I don’t get to hear how he finishes that sentence as he’s suddenly pulled from my grasp and spun around, a delighted bellow coming from whoever has seen fit to interrupt whatever scary thing Otter had been about to say.
Countless things shoot through my head, from Otter proposing that we adopt a Haitian child and name him something weird and trendy like celebrities do (for some reason, I imagine our Haitian baby would be named Textile Mills Thompson or Banana-Rama McKenna) or telling me that he was serious about me being his version of a stay-at-home mom (I would have to make sure I could find the brownie recipe and start pricing minivan/SUV
crossovers—hell, I’m already a member of the PTA at the Kid’s school, so why not get my hair permed while I’m at it? This (of course) makes me wonder if men ever get their hair permed, and for that matter, do women still even do it? Or is that an eighties thing? I remind myself to look it up on Google when we get home).
Otter roars with laughter and wraps his arms around another guy, the man’s handsome face on his shoulder, eyes closed until they open and find me, and the smile widens. Jordan. He looks exactly like I remember him, his blond hair falling in waves down onto his shoulders, the beard on his face dark and thick. He’s gotten bigger than the last time I saw him, almost as big as Otter, and I wonder if it’s still possible I could go through a growth spurt at the age of twenty-one. Jordan’s still got that chip in one of his front teeth, and I vaguely remember him telling me it was from a time he’d been hit in the face with a bat in high school where he was apparently hot shit until he’d busted out his knee while roller-skating.
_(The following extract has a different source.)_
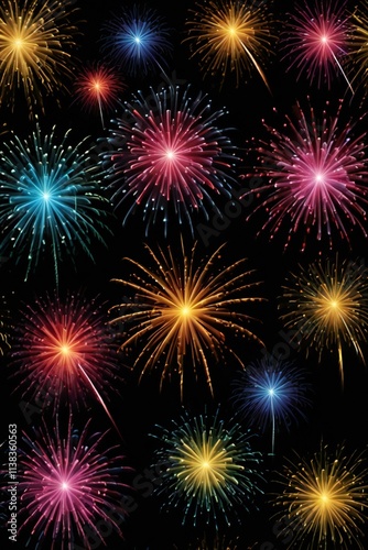fireworks, fireworks, celebration, night, holiday, fire, explosion, festival, light, sky, celebrate, new, pyrotechnic, red, black, blue, year, display, vector, abstract, party, colourful, event, new year, anniversary

I remember making fun of him incessantly about being so cool as to admit that he went roller-skating. Then, like so many things, he’d disappeared from my life after my mom left, after Otter left. I almost let myself focus on that, but I shove it away. Now’s not the time to wallow in self-pity. I’m in a gay bar, after all.
Jordan says something to Otter as he lets him go, and Otter glances back at me, and his eyes are bright as they watch me, and he says something back to Jordan as he holds out his hand to me. I reach up and grab his fingers and am pulled forward. “Jordan, you remember Bear,” Otter says, the obvious pride in his voice causing my face to burn. “He’s mine now.”
Jordan ignores my outstretched hand and wraps me in the same tight grip that he’d given to Otter. I yelp as I’m lifted off my feet and spun around in circles, Jordan’s laughter echoing in my ears. After what seems like days (and I’m pretty sure I’ve spilled the last of the world’s Coke all over the drag queen behind us—oh, woe, the loss!) I’m set back down on my feet, and Jordan puts his hands on my shoulders and grins down at me. “How could I forget?” he says, his voice whiskey smooth. “So, Bear, you’re the one I’ve got to thank for finally bringing this idiot to his senses and making him come home?”
My face is probably the color of a stop sign by now. “Uh… I don’t know about that. I think there was a bunch of other stuff too.” I shrug.
Eloquent as always, Papa Bear, it laughs. Life of the party, you are.
Stop talking like Yoda! I snap at it.
But talking like this, I like. Try it, you should. Popular, it make you at the gay bar.